Balancing debtor payments – principle and exceptions

It is the debtor’s responsibility to regulate obligations. Generally, it can be stated that the obligations are regulated every day and at any time. The universality of this process creates the need to draw attention to the rights and obligations of the parties. Paweł Dyrduł, a lawyer from KG Legal Kiełtyka Gładkowski Sp.p with its registered office in Krakow, discusses the principle of balancing the debtor’s payments and the exceptions provided for by Polish law.

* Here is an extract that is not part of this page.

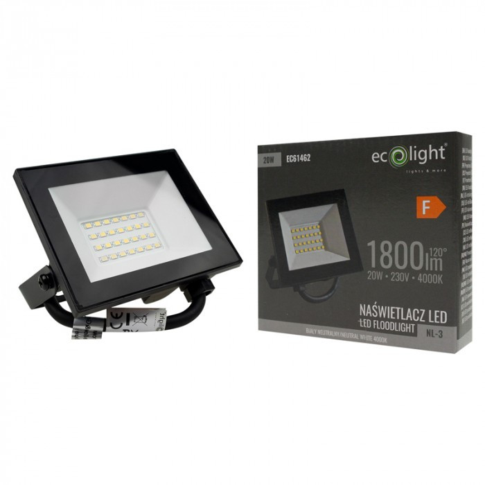 Fekete Ecolight 20W-os kültéri LED reflektor szenzor nélküli, kapcsolós kivitelben, természetes fehér fénnyel

Principle of the debetor’s will

The issue of balancing debtor’s contributions in Polish law does not appear to be a major problem. The legislator, by constructing the provisions of the Civil Code, has adopted the principle that the debtor has the right to indicate what obligation he pays the payment. However, this entitlement is only due to him if the conditions laid down in art. 451 Civil Code premises. The first is to own several debts of the same kind, and the second is that payment have to repay the same creditor. The multiplicity of debts is to be understood as the obligation of the debtor in a single obligation relationship. The obligations owed by the debtor should have the characteristics that mark them as separate obligations, so their regulation in the law should be equated with the fulfillment of various benefits. When these conditions are met, the debtor will have the right to indicate which debt he repayes. The debtor can communicate to the creditor his will in any form. As a rule, the creditor has no right to oppose the will of the debtor, cannot refuse to fulfill his will. However, when it is allowed to fall into a delay.

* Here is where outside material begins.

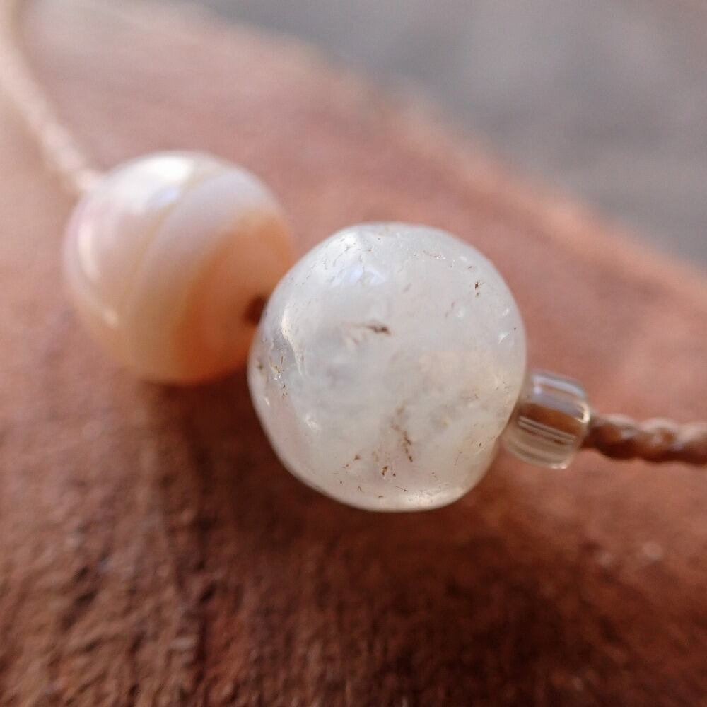 白い古代瑪瑙と、淡いオレンジの古代瑪瑙を並べました。

Exception from the principle of will – the creditor’s entitlement

However, the second sentence of art. 451 §1 Civil Code is an exception to the principle of the debtor’s will. It grants a creditor the right to effectively enforce the debtor’s right to indicate for which debt the payment is made. The creditor has the right to satisfy claims from the case of debt-related debts and the outstanding principal. By definition of debt-related debts, the legislator understands first of all the costs of proceedings, and the outstanding principals are, for example, outstanding installments. If the creditor has exercised the right conferred on him by the legislator, thus making the debtor’s payment of the other receivable instead of on the indicated debt, assuming that the payment was made against charges or principal payments, the debtor is not entitled to object.

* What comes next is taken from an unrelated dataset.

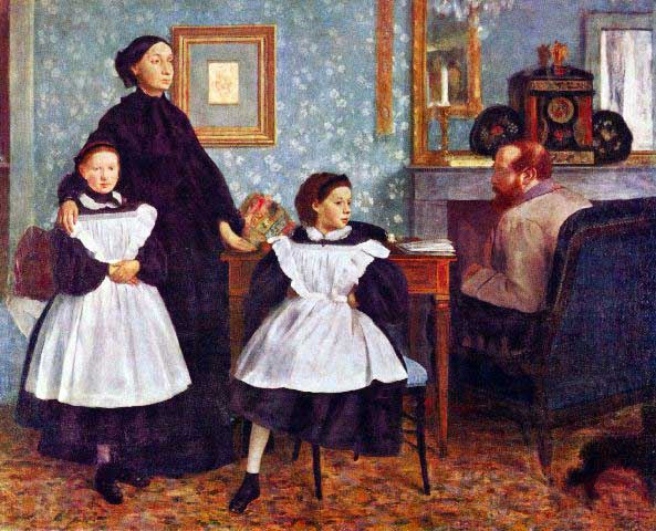 Artist: Degas - Title: Portait Of The Bellelli Family - Medium: Fine Art Reproduction Giclee on Archival Canvas - Image Size: Approximately 16.25 inches x 20 inches - Framed: Unframed on Unstretched Canvas - Edgar Degas was a French artist famous for his work in painting, sculpture, printmaking and drawing. He is regarded as one of the founders of Impressionism although he rejected the term, and preferred to be called a realist. A superb draftsman, he is especially identified with the subject of the dance, and over half of his works depict dancers. These display his mastery in the depiction of movement, as do his racecourse subjects and female nudes. His portraits are notable for their psychological complexity and depiction of human isolation. - Early in his career, he wanted to be a history painter, a calling for which he was well prepared by his rigorous academic training and close study of classic art. In his early thirties, he changed course, and by bringing the traditional methods of a history painter to bear on contemporary subject matter, he became a classical painter of modern life.

Position of the Polish Supreme Court

The problem of balancing the debtor’s payments according to the second sentence of art. 451 §1 Civil Code was the subject of a judgment of the Polish Supreme Court of 4 November 2016 (I CSK 732/15). The Polish Supreme Court stated in its ruling that the creditor is not obliged under art. 451 Civil Code to notify the debtor of the fact that his payment has been made in respect of overdue payments or outstanding principal. It is the debtor’s duty to obtain information from the creditor whether his payment was actually paid according to his will. Silence of the creditor is not considered as confirmation. The creditor loses his entitlement to a different account from the debtor’s will to settle the payment if he confirms the payment as indicated by the debtor. The Polish Supreme Court also notes that the creditor’s entitlement, as expressed in art. 451 §1 sentence 2 Civil Code it also applies to a debtor who has only one debt against the creditor and is composed of principal and overdue interest (a maiori ad minius).

Protecting the creditor’s interests

Ratio legis to introduce such a right in favor of the creditor was to protect his rights, property claims. The right to make payments to the statutory accounts receivable, i.e. de facto the right to modify the debtor’s will, has been introduced in view of the fact that the claim for entitlement to undischarged or overdue principal is time-barred for less than the principal benefit. It is thus protecting the creditor’s interests. The debtor’s right to express his will, and therefore to indicate to whom the creditor’s debt is to be paid, expires when he has not indicated the debt he wants to meet and accepts the receipt on which the creditor has indicated which of the debts he has received. It is also possible that both the debtor and the creditor will not make a statement to the other party against whom the debt has been paid. Ex lege is then charged for the deferred debt, and if the debtor has a number of obligations with the same creditor against the most deferred debt.

Abstract: liabilities, protection of the debtor and creditor

The article was prepared by KG LEGAL KIEŁTYKA GŁADKOWSKI based in Cracow, Poland, specialising in cross border cases, with its focus on new technologies, IT and life science. It discuesses methods of recording the debtor’s contributions, the principle of the debtor’s will and exceptions.

Paweł Dyrduł, lawyer (specializing in banking law, financial law) from KG LEGAL KIEŁTYKA GŁADKOWSKI – PARTNERSHIP office in Cracow, specializing in cross border issues and servicing life science and IT companies, discusses the basic principle of balancing the debtor’s contributions provided for by Polish law and the exceptions.